We began with a glass of sparkling wine, and took our time looking at the menu – choosing slices from the bread basket and dipping them into oil and vinegar as we did so. It’s an interesting and diverse list of options, including wood-fired pizza, home-made sausages and pasta as well as several dishes that include their own organic chicken and pork.
To start I had the organic beet carpaccio, served with fromage blanc and fresh herbs. Beetroot is one of those foods that taste indescribably better when eaten fresh from the ground, and this was no exception – sweet, but typically deep and earthy. The fromage blanc was soft, tart, light and the perfect accompaniment. The radish with rock salt was also good, but I was surprised that the flavour wasn’t even more intense and robust. The tables were quite close together, and our ‘neighbours’ were friendly, but not intrusive. Having arrived later than us, they couldn’t stop admiring our food and wanted to know what we thought before ordering their own. The restaurant was now busy – Erika had already told us that it was fully booked – and the atmosphere was lively. As the sun went down, a band started to play on the hay-bale stage.

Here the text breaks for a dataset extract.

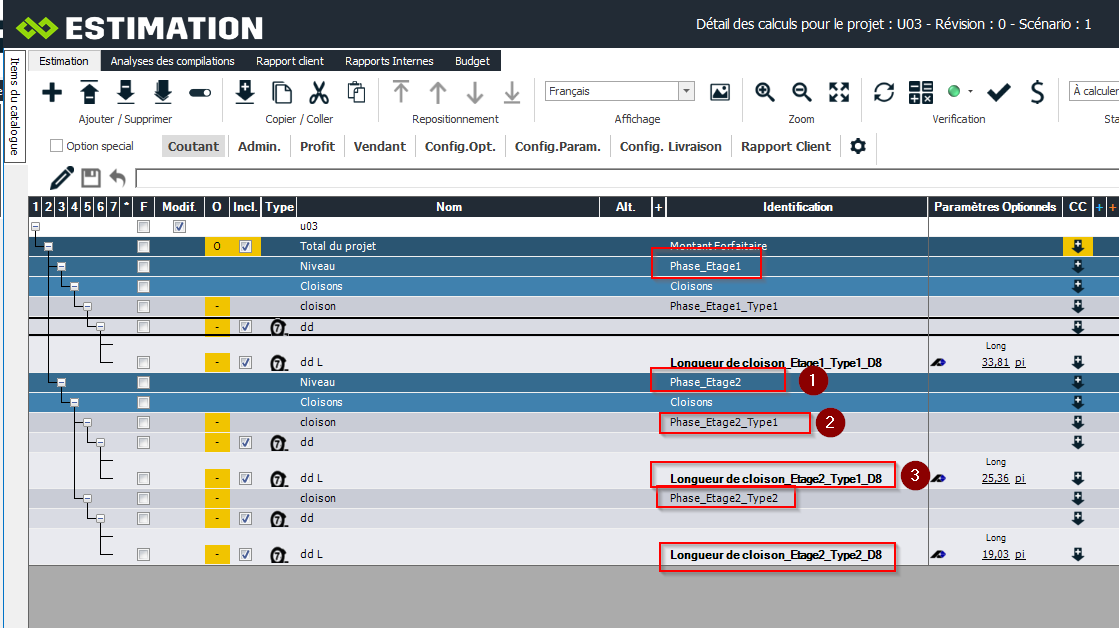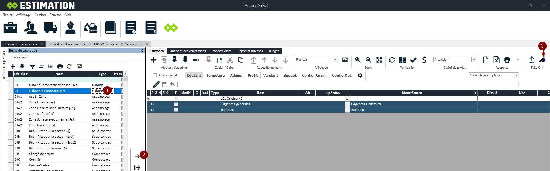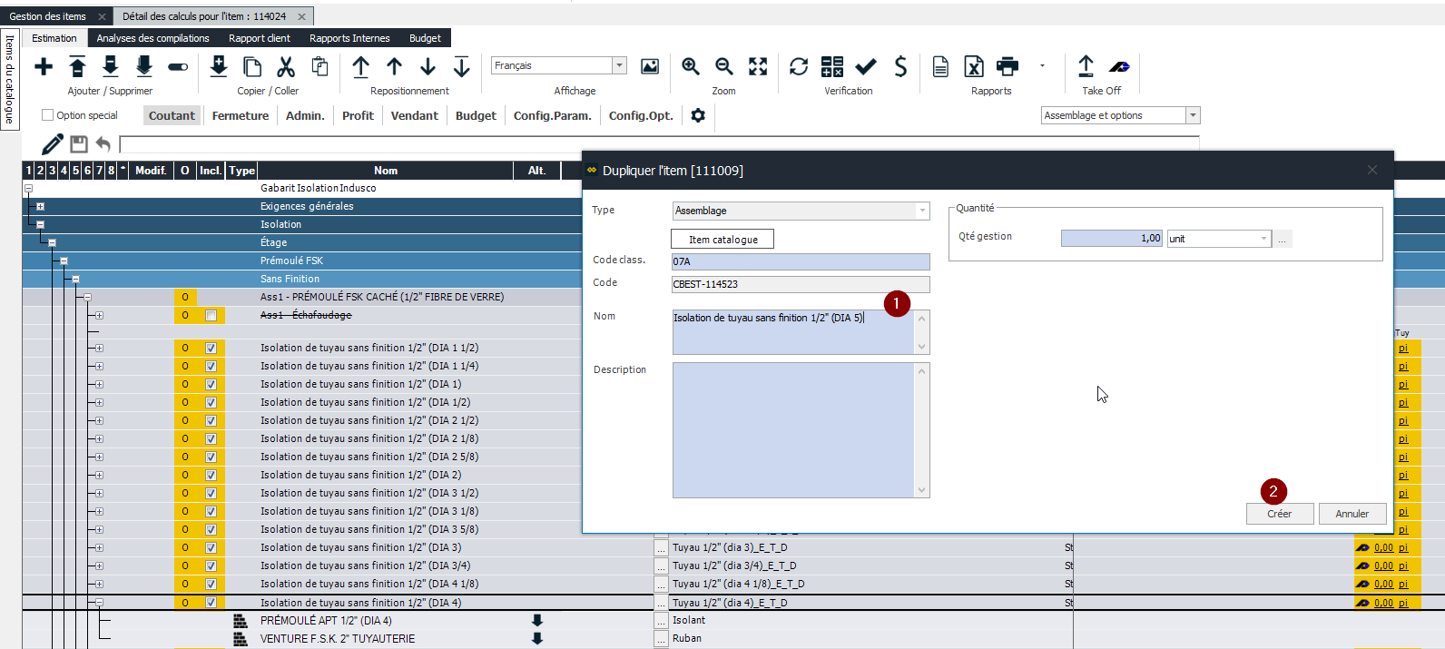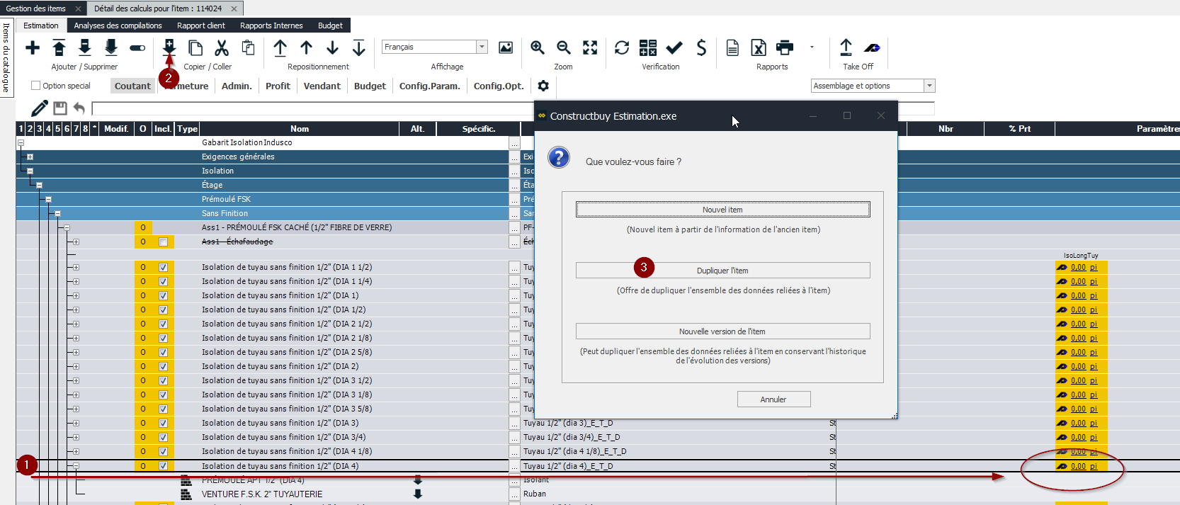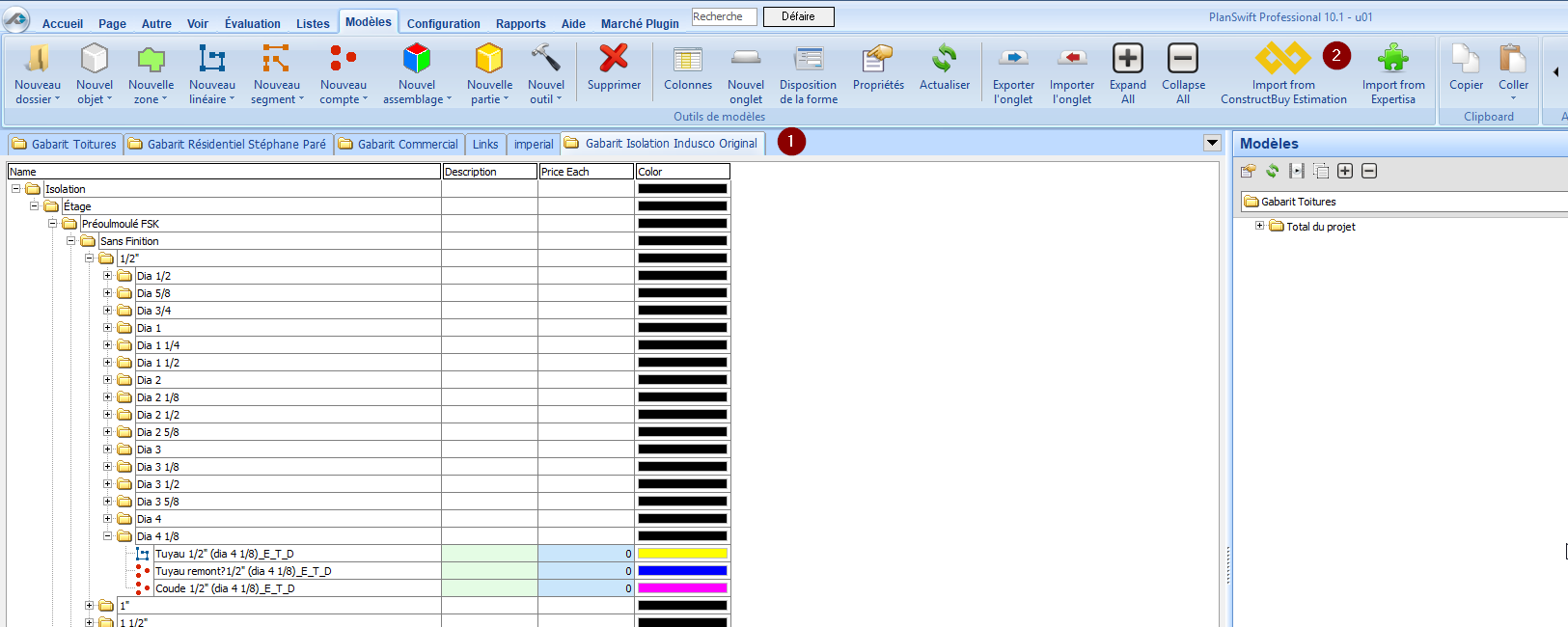 Copier votre projet dans ESTIMATION ou Ajouter à nouveau votre gabarit

We couldn’t resist trying a salad and dedicated the next course to sharing a plate of organic greens, carrots, cherry tomatoes, radish and nasturtium with lemon vinaigrette. It was the most stunning dish that we tried. The ingredients are – of course – exceptionally fresh, and given the overall simplicity of the dish, it’s almost impossible to believe just how good it tastes. I recommended it – without hesitation – to our neighbours.
My main course was a farm raised double-cut pork chop served with a light barbecue sauce. It was a large, generous portion (I did ask for the smallest that they had) and it was cooked perfectly – firm, juicy, succulent. The meal is homely, hearty and comforting. We also ordered ‘elegant pig’ from the family style menu, which consisted of three substantial slices of ham served with parsley sauce, mashed potatoes, carrots and peas. It’s another really good dish, made great by the freshness and intensity of the individual ingredients.
To be honest, we’re a bit full by the time it comes to dessert, but we can’t resist, choosing the carrot cake and a crème brûlée. They’re both good, but it’s the course that I would have been most willing to miss. When the check arrives we notice that they haven’t been included, and point this out to our server who immediately tells us that it’s quite deliberate, and that Erika wanted us to have dessert on the house – a really lovely gesture and a delightful end to a wonderful evening.
This is simple food. But it’s very, very well done. The restaurant has a delightful atmosphere, and the service is great, fantastic even. The surroundings – the farm and gardens – are beautiful. Their foundation is good, sincere, honest. Together, the experience at Flora Farm is really very special – remarkable and memorable – and definitely worth a visit if you’re in the area.